Overview of the different perspectives
The ARX anonymization tool is divided into four perspectives, which model different aspects of the anonymization process. As is depicted in the Figure shown below, these steps consist of 1) configuring privacy criteria and transformation methods, 2) exploring the solution space and 3) analyzing data in terms of utility and re-identification risks. In the configuration phase, input data is loaded, transformation rules are imported or created and all further parameters, such as privacy criteria, are specified. When the solution space has been characterized by executing an anonymization algorithm, the exploration phase supports searching for privacy-preserving data transformations that fulfill the user's requirements. To assess suitability, the utility analysis phase allows comparing transformed datasets to the original input dataset with methods of descriptive statistics. Finally, risk-analyses can be performed for input datasets as well as their transformed representations. Based on these analyses, further solution candidates might be considered and analyzed, or the configuration of the anonymization process can be altered.
Configuring the privacy model, transformation model and utility measures
In this section, firstly, a dataset can be imported into the tool and attributes can be characterized. Secondly, generalization hierarchies for quasi-identifiers or sensitive attributes can be generated semi-automatically by means of a wizard or imported into the tool. Thirdly, privacy criteria, the method for measuring data utility and further parameters, such as parameters of the transformation process, can be specified.
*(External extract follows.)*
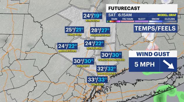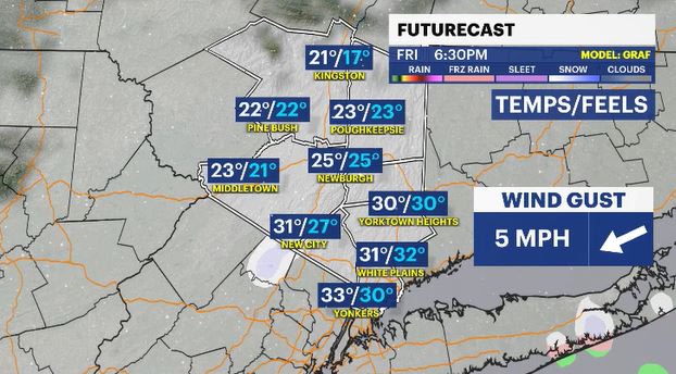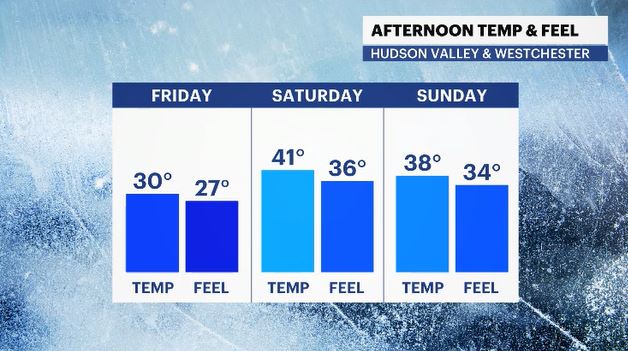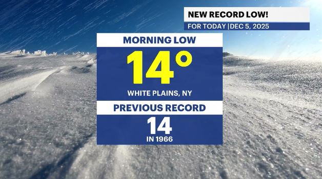 Temperatures this morning tied the record low for White Plains of 14 degrees (set in 1966). Factor in a light breeze though, and the temps will feel into the single digits. Temperatures will try to warm up later today but will struggle to do so. Across the region, high temperatures are forecast to get into upper-20s to low-30s.

Exploration of the solution space
As a result of the anonymization process, a solution space is constructed and characterized based on the given parameters. This perspective allows users to browse the space of data transformations, organize and filter it according to their needs and select transformations for further analysis.
Analysis of data utility
To assess the suitability of a specific transformation for a given usage scenario, this perspective supports comparing transformations of the input dataset to the original data. To this end, it incorporates various graphical representations of results of statistical analyses and also allows for a cell-by-cell comparison.
Analysis of re-identification risks
In this perspective, the distribution of class sizes, the risks associated to individual quasi-identifiers, as well as sample-based and population-based risk estimates can be analyzed. The view displays details about the results of estimating uniqueness with different super-population models.
Import and export of data
Generalization hierarchies and datasets can be exported as and imported from files containing character separated values (CSV), which allows to exchange data with common tools such as spreadsheet programs. For loading data into ARX, further data sources are supported. This includes MS Excel spreadsheets and data from relational database systems, such as MS SQL, DB2, MySQL or PostgreSQL. Data import is performed with a dedicated wizard, which is shown in the following image.
In addition to access to different types of data sources, this wizard supports renaming and hiding columns, as well as changing their order. Data types are automatically detected and data cleansing may be performed. This means that values that do not conform to the selected data type will be replaced with null values. Missing values are handled correctly by all methods provided in the ARX tool.